#### Data
----------

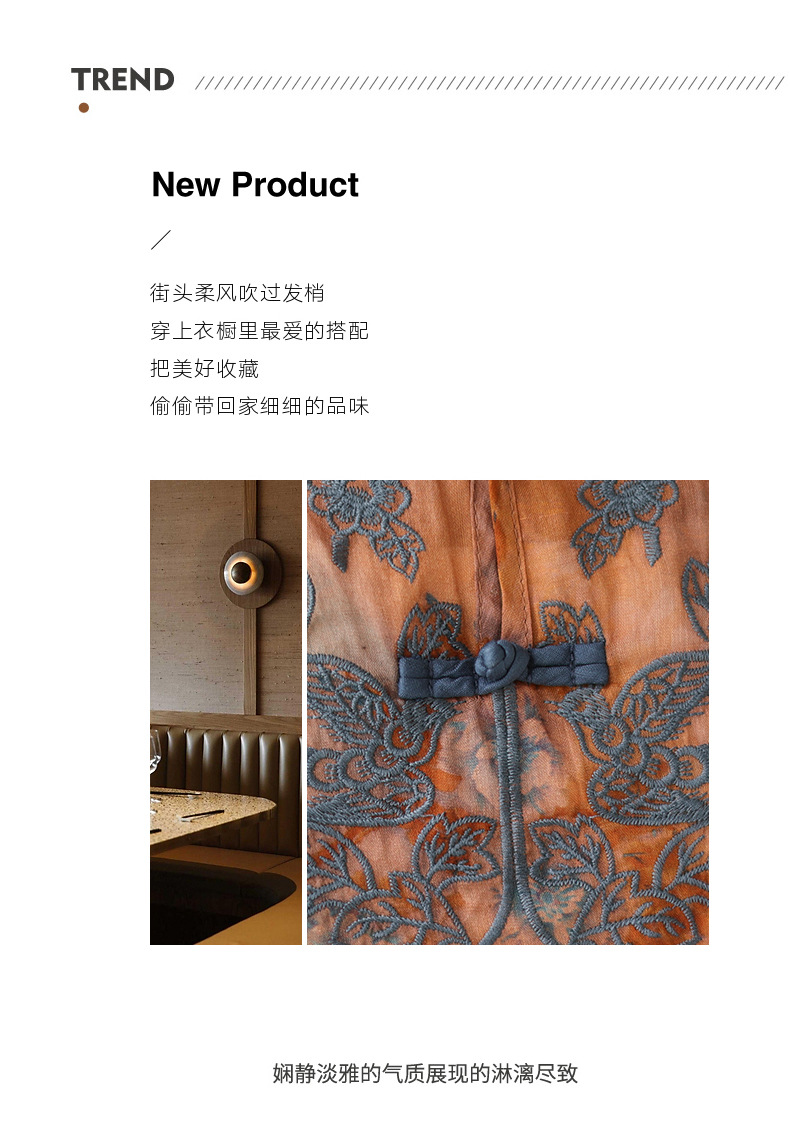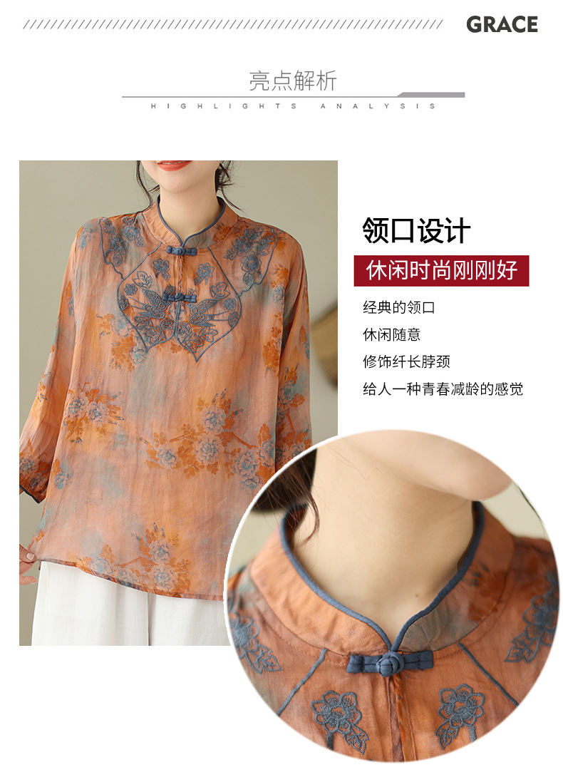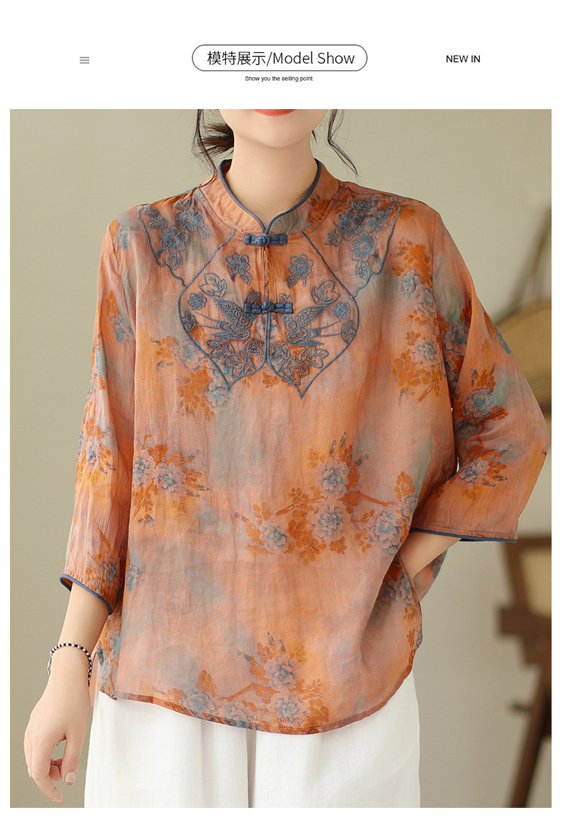 雀说 棉麻复古盘扣刺绣立领短袖衬衫上衣 C028-K9302
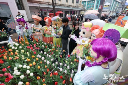 18일 서울 중구 명동거리에서 열린 ‘도심에서 미리 만나는 에버랜드 튤립축제’에서 에버랜드 공연 연기자와 모델들이 포즈를 취하고 있다. 에버랜드는 오는 20일부터 ‘에버랜드 튤립축제’를 개최하며 튤립, 수선화, 무스카리 등 100 여종 약 120만 송이 형형색색 봄꽃을 선보인다.
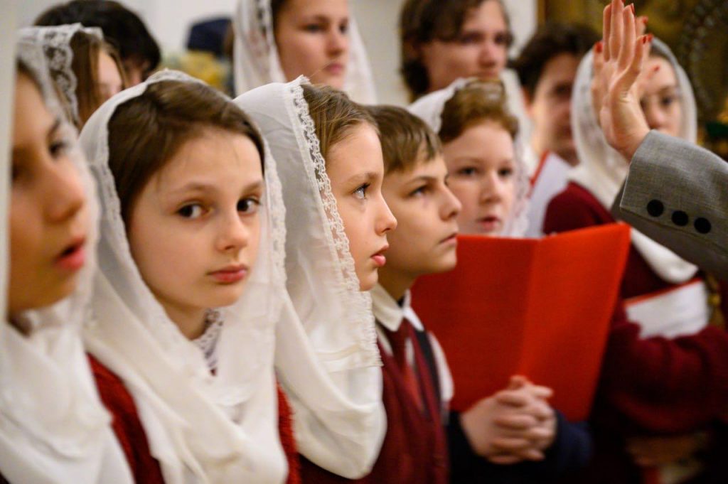 Песнопения Литургии исполнил детский хор школы под управлением учителя музыки и руководителя школьного хора Анастасии Зубковой.
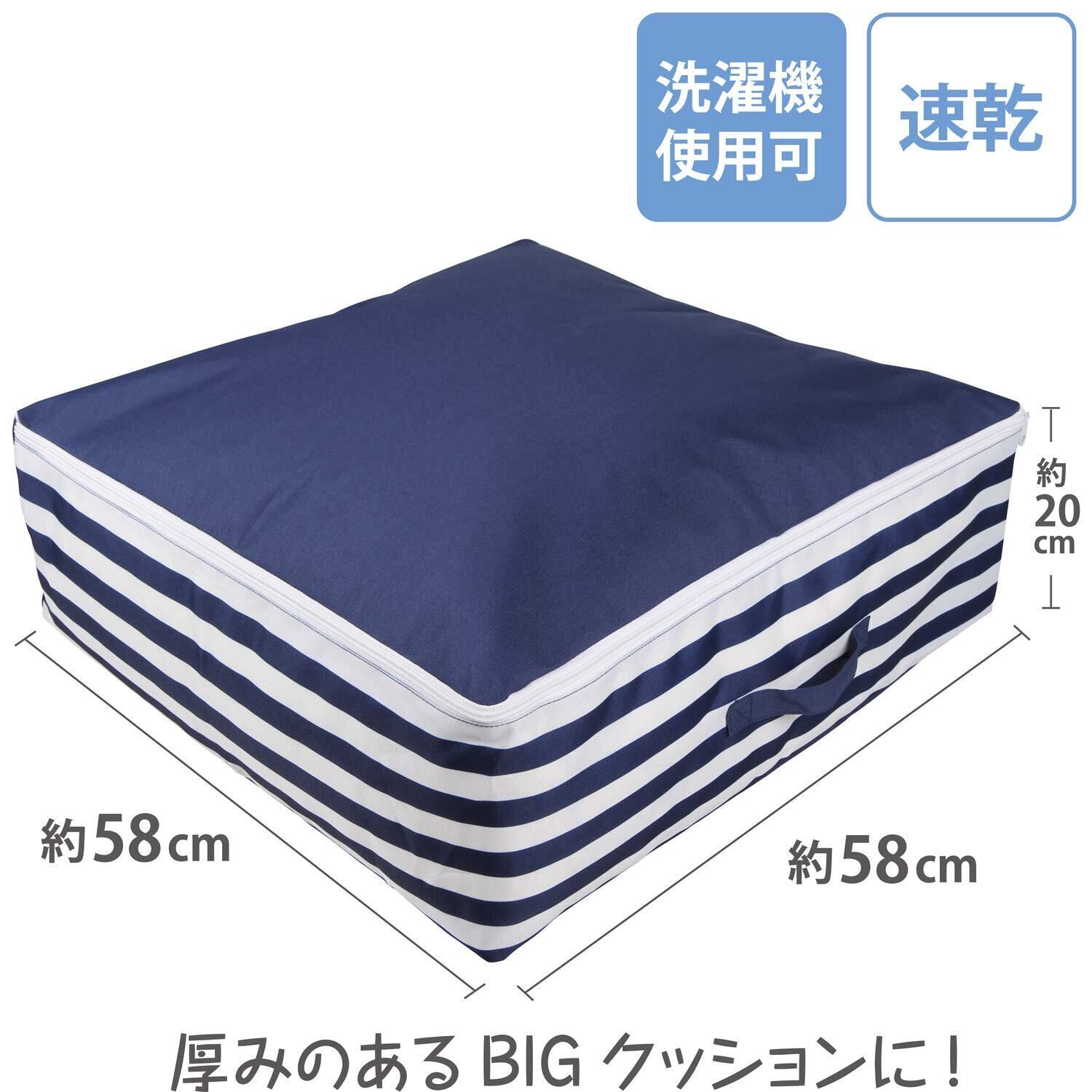【商品仕様】:サイズ/約幅58×奥行58×高さ20cm、カラー/ネイビー、柄/ボーダー、内容/1個、収納目安/シングルサイズの羽毛布団:約1枚・毛布やタオルケット:約1~2枚、材質/ポリエステル
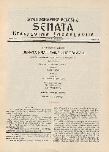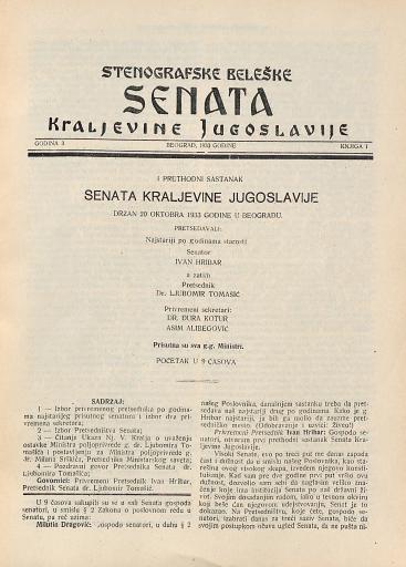 SI AS 2058/9, Stenografske beležke Senata Kraljevine Jugoslavije, 1933-1934
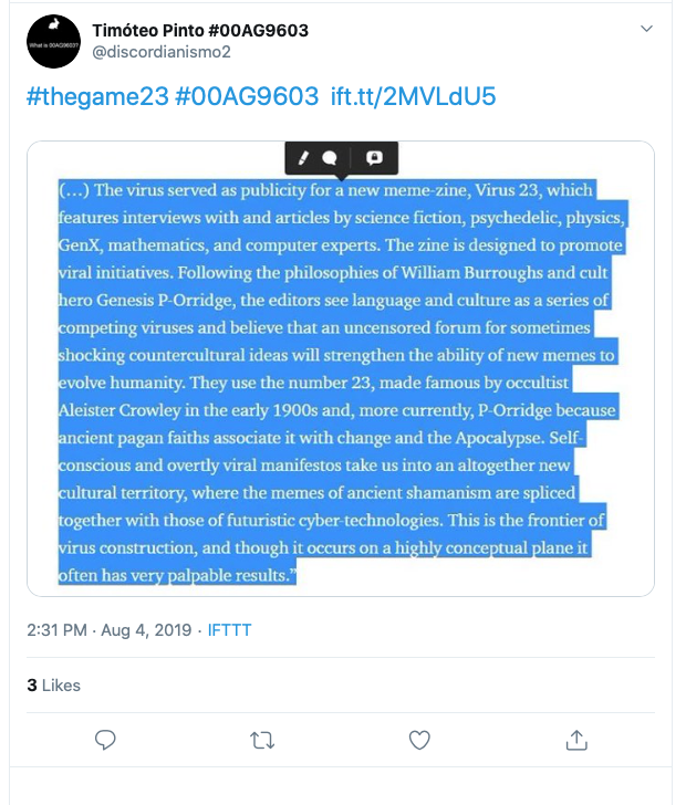 The whole 23 thing is from the Discordians, which we covered in mind-blowing depth in my interview with David Livingstone:

----------

#### Aim of the exercise
Go back to the line that contains "SI AS 2058/9, Stenografske" and copy it, along with each line after it through the end of the listing above, exactly and without pictures.

#### Output for this exercise
 SI AS 2058/9, Stenografske beležke Senata Kraljevine Jugoslavije, 1933-1934
 The whole 23 thing is from the Discordians, which we covered in mind-blowing depth in my interview with David Livingstone:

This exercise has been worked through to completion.